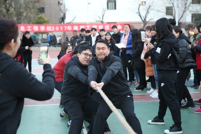 此次职工趣味运动会,共设置了“同舟共济”、“运球投篮接力”、“拔河”三个集体项目,开幕式结束后,拔河比赛正式开始。竞技场上,运动员齐心协力、一鼓作气,裁判员认真负责、耐心细致,拉拉队呐喊助威、加油鼓劲。一时间,呐喊声,助威声,欢笑声,胜利后的尖叫声,响彻校园。经过激烈角逐,最终,计算机系、商务系、基础部、学生处保卫处招办联队、财务处人事处信息中心党政办联队在第一轮比赛中胜出。
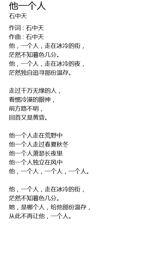 | tā, yí ge rén, zǒu zài bīng lěng de yè, | |
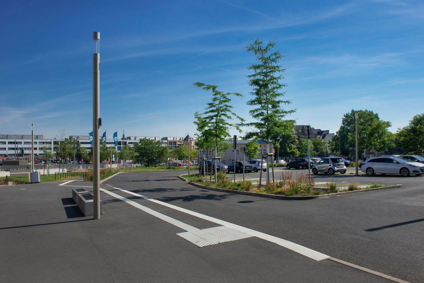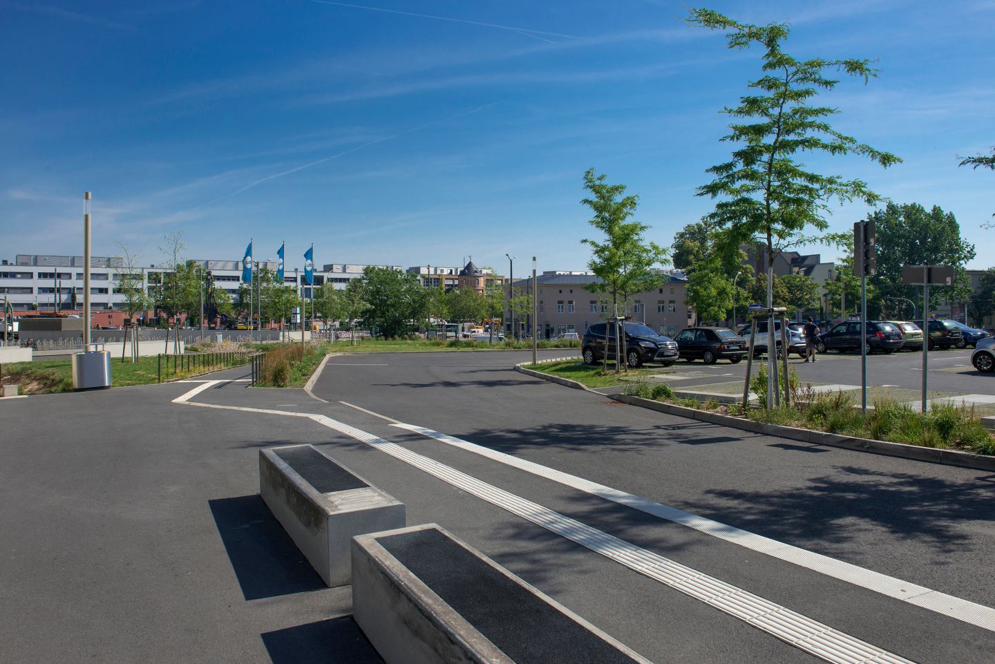 Der Haupteingang mit angeschlossenem Foyer liegt dagegen im Osten. Hier empfängt eine einladende Treppenanlage den Besucher und führt ihn auf einen großzügigen und über Straßenniveau erhabenen Vorplatz. Bistro und Foyer erzeugen auf diesem Stadtplatz eine urbane und lebhafte Atmosphäre. An die präzise gestaltete Freianlage schließt sich im Süden ein kleiner Park an, der von der Max-Planck-Straße aus das Entree zum Bad bildet. Eine sanft geneigte Grünfläche überwindet hier den Niveauunterschied zwischen Nord- und Südseite des Grundstücks.

_WHAT IS NEEDED_
Retype the full listing exactly; pictures stay out.

_SOLUTION TO THIS EXERCISE_
 此次职工趣味运动会,共设置了“同舟共济”、“运球投篮接力”、“拔河”三个集体项目,开幕式结束后,拔河比赛正式开始。竞技场上,运动员齐心协力、一鼓作气,裁判员认真负责、耐心细致,拉拉队呐喊助威、加油鼓劲。一时间,呐喊声,助威声,欢笑声,胜利后的尖叫声,响彻校园。经过激烈角逐,最终,计算机系、商务系、基础部、学生处保卫处招办联队、财务处人事处信息中心党政办联队在第一轮比赛中胜出。
 | tā, yí ge rén, zǒu zài bīng lěng de yè, | |
 Der Haupteingang mit angeschlossenem Foyer liegt dagegen im Osten. Hier empfängt eine einladende Treppenanlage den Besucher und führt ihn auf einen großzügigen und über Straßenniveau erhabenen Vorplatz. Bistro und Foyer erzeugen auf diesem Stadtplatz eine urbane und lebhafte Atmosphäre. An die präzise gestaltete Freianlage schließt sich im Süden ein kleiner Park an, der von der Max-Planck-Straße aus das Entree zum Bad bildet. Eine sanft geneigte Grünfläche überwindet hier den Niveauunterschied zwischen Nord- und Südseite des Grundstücks.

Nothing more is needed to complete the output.